The corridor narrowed, then widened into a sort of tray. Here, more or less, was their goal. A ruined tank held a little water which would do for the animals, and close above the mud was punched a black hole—the first of the caves. Three hills encircled the tray. Two of them pumped out heat busily, but the third was in shadow, and here they camped.

"A horrid, stuffy place really," murmured Mrs. Moore to herself.

"How quick your servants are!" Miss Quested exclaimed. For a cloth had already been laid, with a vase of artificial flowers in its centre, and Mahmoud Ali's butler offered them poached eggs and tea for the second time.

"I thought we would eat this before our caves, and breakfast after."

Isn't this breakfast?"

"This breakfast? Did you think I should treat you so strangely?" He had been warned that English people never stop eating, and that he had better nourish them every two hours until a solid meal was ready.
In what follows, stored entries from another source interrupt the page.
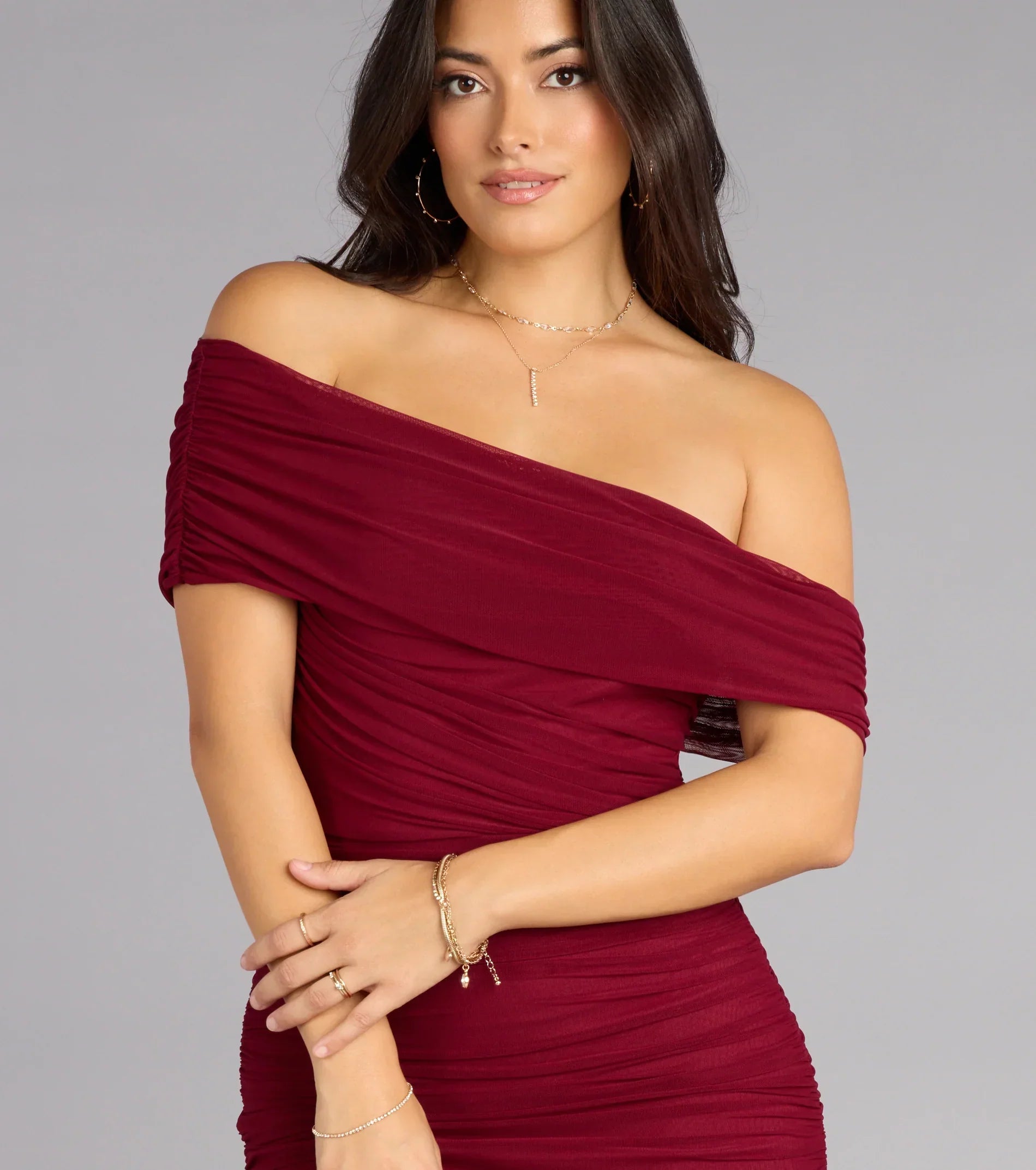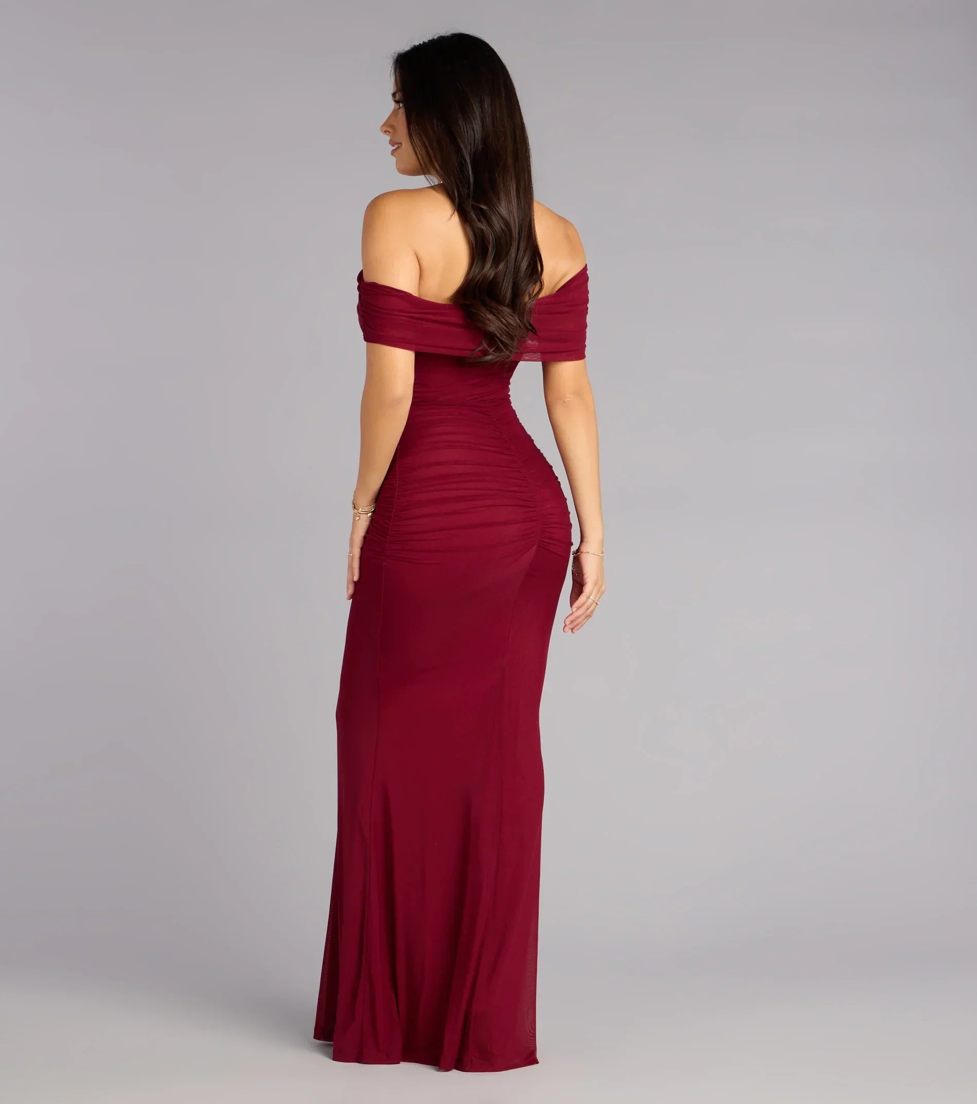 Stand out with confidence and grace in the Ashlynn mesh formal dress! Featuring a striking off-shoulder neckline and elegant side ruched seams, this floor-length gown sculpts your silhouette with a flattering mermaid fit.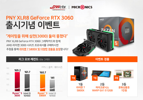 마이크로닉스는 앞서 출시한 PNY GeForce 그래픽카드와 마찬가지로 국내 소비자를 위해 제품 구매 후 1년 이내에 이상이 발생할 시 리퍼비시 제품이 아닌 새 제품 교환 서비스를 제공한다. 이 서비스는 PNY가 제품을 공급하는 전 세계 중 유일하게 대한민국에서만 진행되는 서비스로 국내 소비자들은 특별한 보증 혜택을 누릴 수 있게 됐다. 기본 무상 보증은 3년이다. 한편, 마이크로닉스는 대원CTS와 함께 PNY 지포스 RTX 3060 출시기념 이벤트를 진행한다. 자사 지포스 RTX 3060 그래픽카드와 AMD 라이젠 3000 시리즈 프로세서를 구매하면 추첨을 통해 한 명에게 라이젠 7 5800X 프로세서를 제공한다. 이 외에도 두 명에게 USB 메모리를, 세 명에게는 문화상품권 1만원권을 각각 제공한다.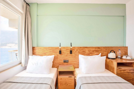 Our recently renovated rooms and bathrooms provide a modern and comfortable stay during your holiday. Our upper floor rooms feature private balconies with sea views, while the ground floor rooms offer lovely patios with partial sea views. In addition to providing comfort, we prioritize sustainable tourism and have taken measures such as using solar energy for water heating, locally sourced products, and high-quality dispensers instead of single-use toiletries.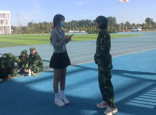 在同学们的休息期间,院学生会成员在2022级beat365英国官方网站辅导员带领下对新生进行了军训的相关采访。在采访一连连长时,他表示:大学生进行军训的意义目的是为了提高学生的思想政治觉悟,激发爱国热情,增强国防观念,所以进行爱国主义、集体主义和革命英雄主义教育,培养艰苦奋斗的作风,提高学生的综合素质。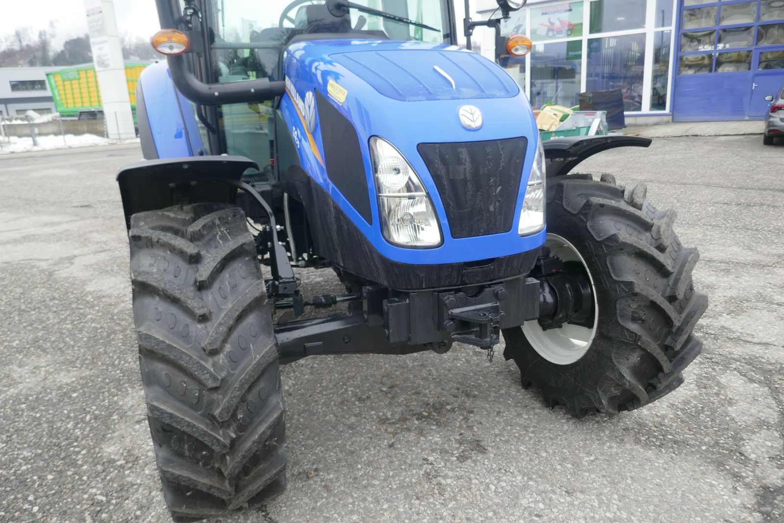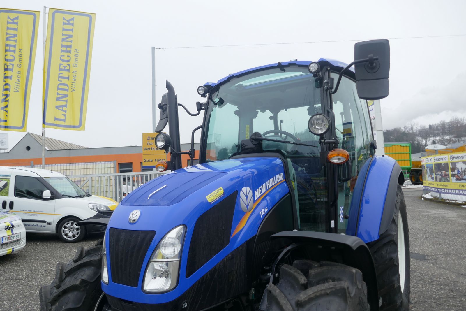New Holland T4.75 mit 4 Zylinder, Powershuttle Getriebe, mit 40 km/h, mechanische Parkbremse, 2x DW DeLuxe Hecksteuergeräte, 2x DW Zwischenachssteuergeräte mit Joystick und Schalter für 3. Funktion, mechanische Hubwerksregelung mit Lift-O-Matic, hydraulisches Bremsventil, Komfortkabine mit Klimaanlage, Luftfedersitz, Beifahrersitz, Freisichtdachfenster, feste Frontscheibe, Lichtpaket, Radio, Wisch/Waschanlage für vorne und hinten, Kotflügel vorne mit schwenkend, Kotflügelverbreiterung hinten, hydr. Zapfwellenschaltung 540/540E, verstellbares Lenkrad, automatisches Anhängemaul, Bereifung: 360/70-20, 420/70-30, prompt lieferbar.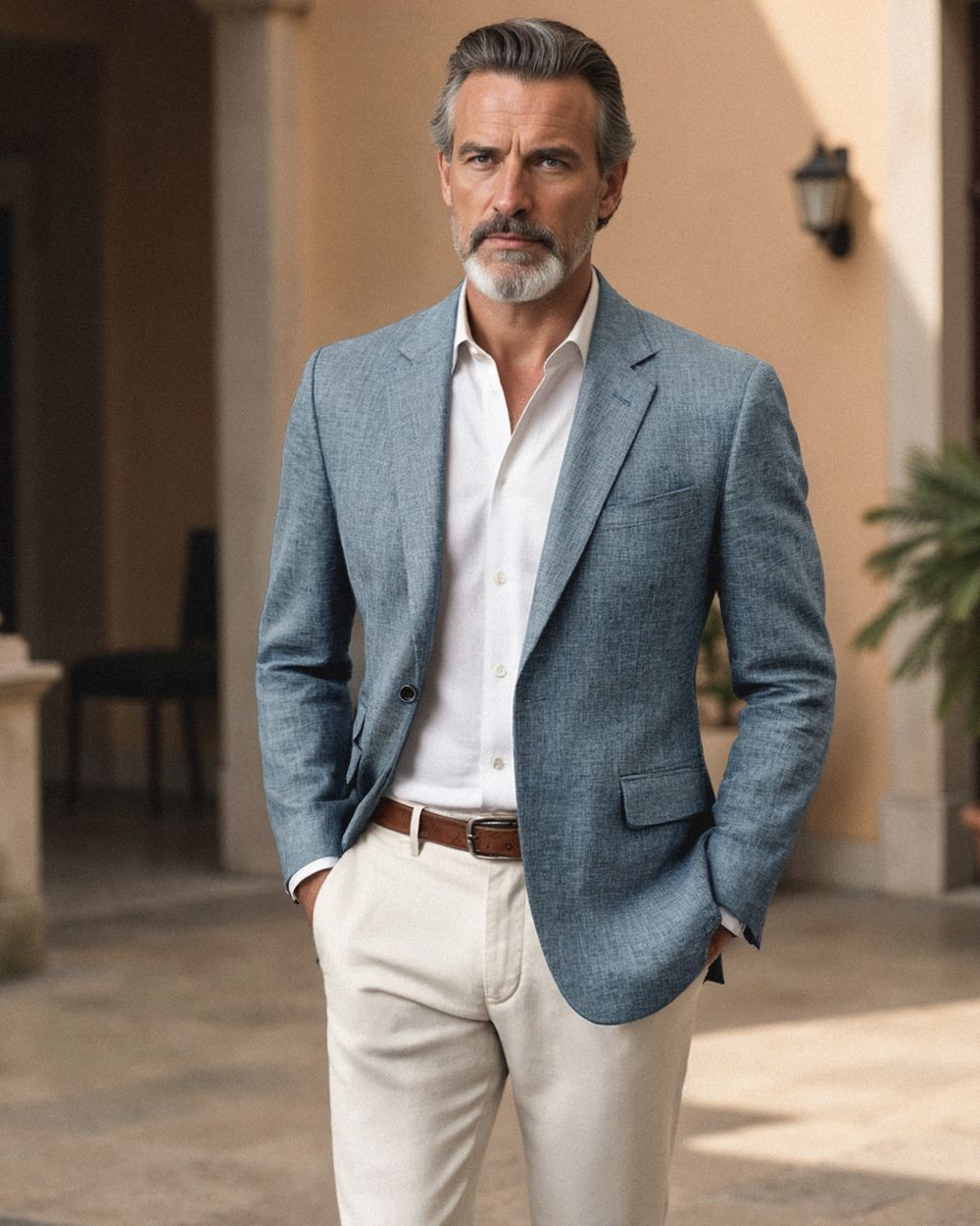 Ideal for summer, this blazer embodies the essence of the season with its seasonal mid-blue tone—a color that is versatile enough to transition seamlessly from beachside brunches to laid-back evening gatherings. The slub thread style imbues the fabric with a subtle, irregular texture, elevating its casual yet refined aesthetic.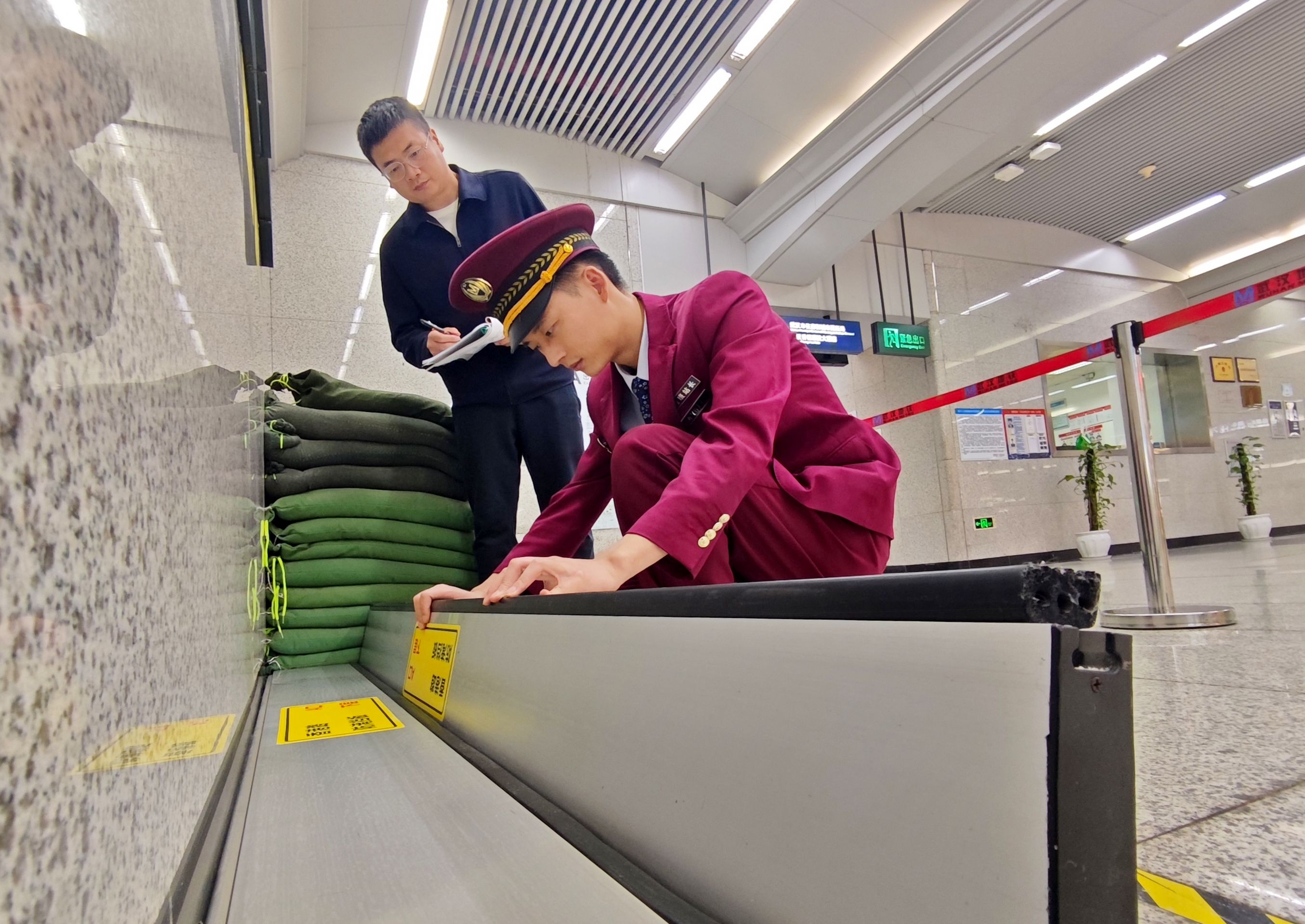 8日上午,香港路站值班站长郑泽钰检查出入口防淹挡板。通讯员杨浩 摄

"How very well it is all arranged."

"That you shall tell me when I return to Chandrapore. Whatever disgraces I bring upon myself, you remain my guests." He spoke gravely now. They were dependent on him for a few hours, and he felt grateful to them for placing themselves in such a position. All was well so far; the elephant held a fresh cut bough to her lips, the tonga shafts stuck up into the air, the kitchen-boy peeled potatoes, Hassan shouted, and Mohammed Latif stood as he ought, with a peeled switch in his hand. The expedition was a success, and it was Indian; an obscure young man had been allowed to show courtesy to visitors from another country, which is what all Indians long to do—even cynics like Mahmoud Ali—but they never have the chance. Hospitality had been achieved, they were "his" guests; his honour was involved in their happiness, and any discomfort they endured would tear his own soul.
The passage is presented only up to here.